Feeling stressed?
Expand your awareness around stress and develop strategies for coping in stressful situations.
You might be asking, “How will it be helpful to expand my awareness around stress? I know what happens when I’m stressed – I feel irritable, overwhelmed, anxious, I can’t sleep... I need solutions, not just awareness!” I hear you, and my answer is that awareness will bring the solutions. As stress is something we experience in our bodies, connecting with our bodies is a great first step towards finding solutions.
I can’t always control external stressors (things that cause me to feel stressed) but I can control how I respond. The first step is paying attention to the messages from my body: How and where does stress ‘live’ in my body? How do I know when I’m stressed? Are my shoulders tight? Is there a churning sensation in my stomach? Next, I want to learn how joy, contentment, ease or confidence feels in my body: How do I know when I’m feeling joyful or a sense of ease? Is there a sense of expansion in my chest? Maybe there’s a lightness in my limbs?
By understanding and connecting with how stress and joy feel in my body, I build my capacity to regulate my nervous system and put myself in an optimal state to cope with stressful situations. Incredibly, sometimes the simple act of acknowledgement can be enough to shift challenging feelings and uncomfortable body sensations – could it be that my body is relieved that I‘ve truly seen and paid attention to her discomfort and pain? In this way, embodiment leads to self-compassion.
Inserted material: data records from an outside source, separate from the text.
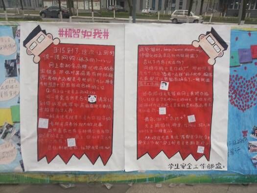 3月15日是国际消费者权益维护日。14日上午,伴着暖阳,成医安工部便把3·15的宣传展板早早准备好,以提示成医师生们3·15快到了,抓紧时间宣传维权知识。3·15当天,成医安工部的成员们继续在微博上把宣传工作做踏实。主要通过转载3·15经典段子教师生们学会辩真伪,如“北京消防的李逵OR李鬼”,以及一些社会上已发生的恶性事件如“不要被假警察骗了”“辣条的生产过程”等亦庄亦谐的形式来让厂商反思,让消费者提高监督意识。最后转发一条新《消法》,让爱网购的人们聪明起来并开展了微博互动,小礼相送活动。
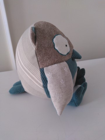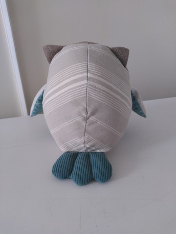 Réalisée en tissus multi-matières (côtelé turquoise, feutre taupe, coutil beige et coton imprimé géométrie bleu et blanc). Yeux appliqués et brodés. Le rembourrage est traité anti acariens et les coutures sont toutes doublées pour plus de solidité. Adapté aux enfants à partir de 18 mois.Travail artisanal. Fait mains.
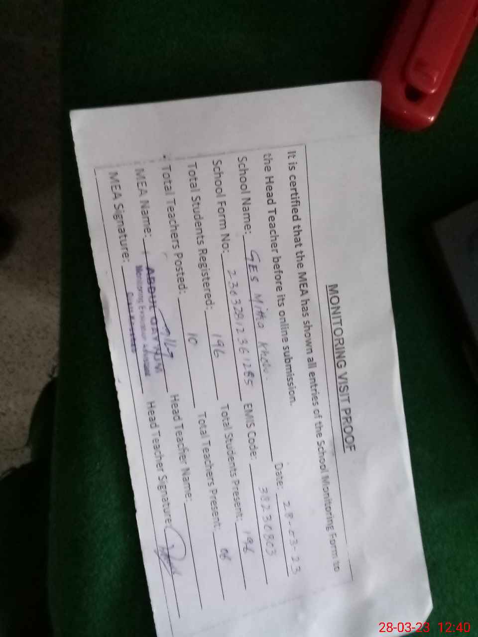 | Attendance Register | Head Teacher | MEA with School | Visit Proof |
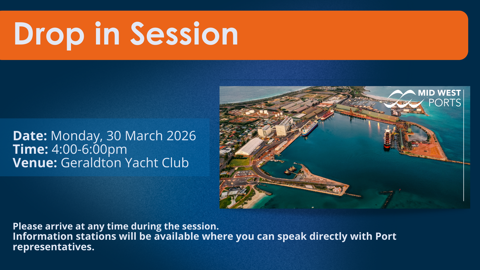 Mid West Ports is holding a Community Information Session to share information and answer questions about the proposed handling of ammonium nitrate at the Port of Geraldton.
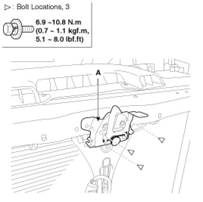3. Remove the hood latch (A) mounting bolts.

Self-compassion is a key ingredient for reducing stress. Engaging with the critical voices and limiting beliefs that I’ve internalised (usually since childhood) is the next step on my journey of awareness. It might seem counterintuitive but, even if I can reasonably point to an external cause, it’s often my response rather than the external factor itself that keeps me in a state of stress. If I can be more accepting of myself as an imperfect human, if I can judge and criticise myself less harshly, then I will experience stress less often and for shorter periods. “Easier said than done,” I hear you say. Yes, you’re right – it takes time and those inner critics have usually been around for a while. In many cases, they’ve become like over-protective guard dogs who can no longer discern what’s safe and what isn’t. But take heart, for you and I also have internal allies – inner wisdom and resources that can help us develop the self-compassion needed to counteract the critical voices and unhelpful beliefs… and reduce stress!
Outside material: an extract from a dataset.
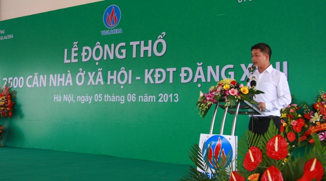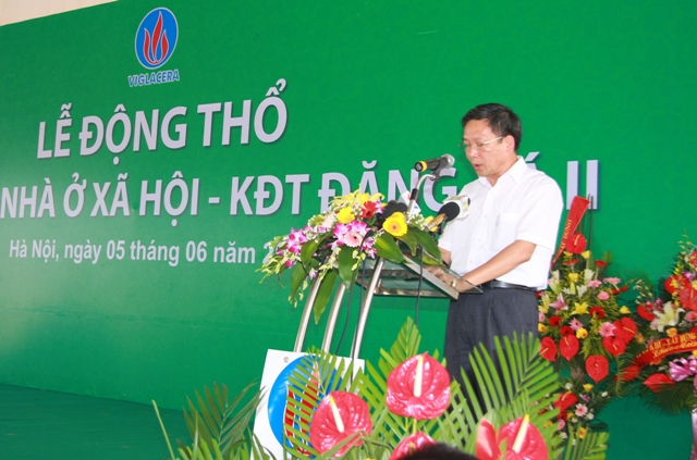 Phát biểu tại buổi Lễ, Bộ trưởng BXD Trịnh Đình Dũng đã nhấn mạnh: “Việc động thổ 2.500 căn nhà ở xã hội tại Khu đô thị Đặng Xá 2 huyện Gia Lâm, thành phố Hà Nội do Viglacera làm chủ đầu tư là dự án nhà ở thương mại được UBND thành phố và Bộ Xây dựng chấp thuận cho phép chuyển đổi thành dự án nhà ở xã hội, và là một trong những dự án nhà ở xã hội đầu tiên trên địa bàn Thủ đô cũng như cả nước hưởng ứng thực hiện các giải pháp tháo gỡ khó khăn cho thị trường bất động sản gắn với thực hiện Chiến lược nhà ở quốc gia. Dự án này khi hoàn thành vào năm 2015 sẽ kịp thời đáp ứng một phần nhu cầu về nhà ở xã hội của Hà Nội. Bộ trưởng Trịnh Đình Dũng cũng đánh giá cao nỗ lực của Viglacera, một Tổng công ty nhà nước có năng lực và nhiều kinh nghiệm trong đầu tư phát triển nhà ở, luôn tiên phong trong việc tạo ra những khu đô thị có chất lượng. Tổng công ty đã có nhiều cố gắng, chú trọng lựa chọn các giải pháp thiết kế hợp lý nhằm đảm bảo chất lượng công trình, hạ giá thành xây dựng nhưng vẫn đảm bảo tiện nghi, thuận tiện, an toàn cho người sử dụng khi đưa vào vận hành”

If you’re curious to learn more, you can book a session, a free enquiry call, or join my upcoming free one-hour online stress-management workshop: Meet your inner hero!
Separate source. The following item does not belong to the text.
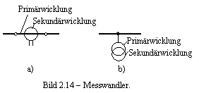 Bei Stromwandler (Bild 2.14 a)) wird die Primärwicklung vom Betriebsstrom durchflossen, bei Spannungswandler (Bild 2.14 b)) liegt die Primärwicklung direkt an der Betriebsspannung. Die Spannung bzw der Strom der Sekundärwicklung ist dem primärseitigen Betriebswerte proportional.

By the way, unpleasant or uncomfortable feelings and body sensations aren’t inherently bad – they’re our body’s way of telling us to pay attention, and they can be life-saving; for example, in a dangerous or high-pressure situation we might need to walk away, run away, argue, fight, use diplomacy, or hide. Being Zen is not always the appropriate or healthy response. In small doses, stressful feelings are normal and healthy – what’s important is that we develop the awareness and capacity to flow between states of ease and discomfort as needed, rather than becoming debilitated by anxiety or living in a chronically stressed state.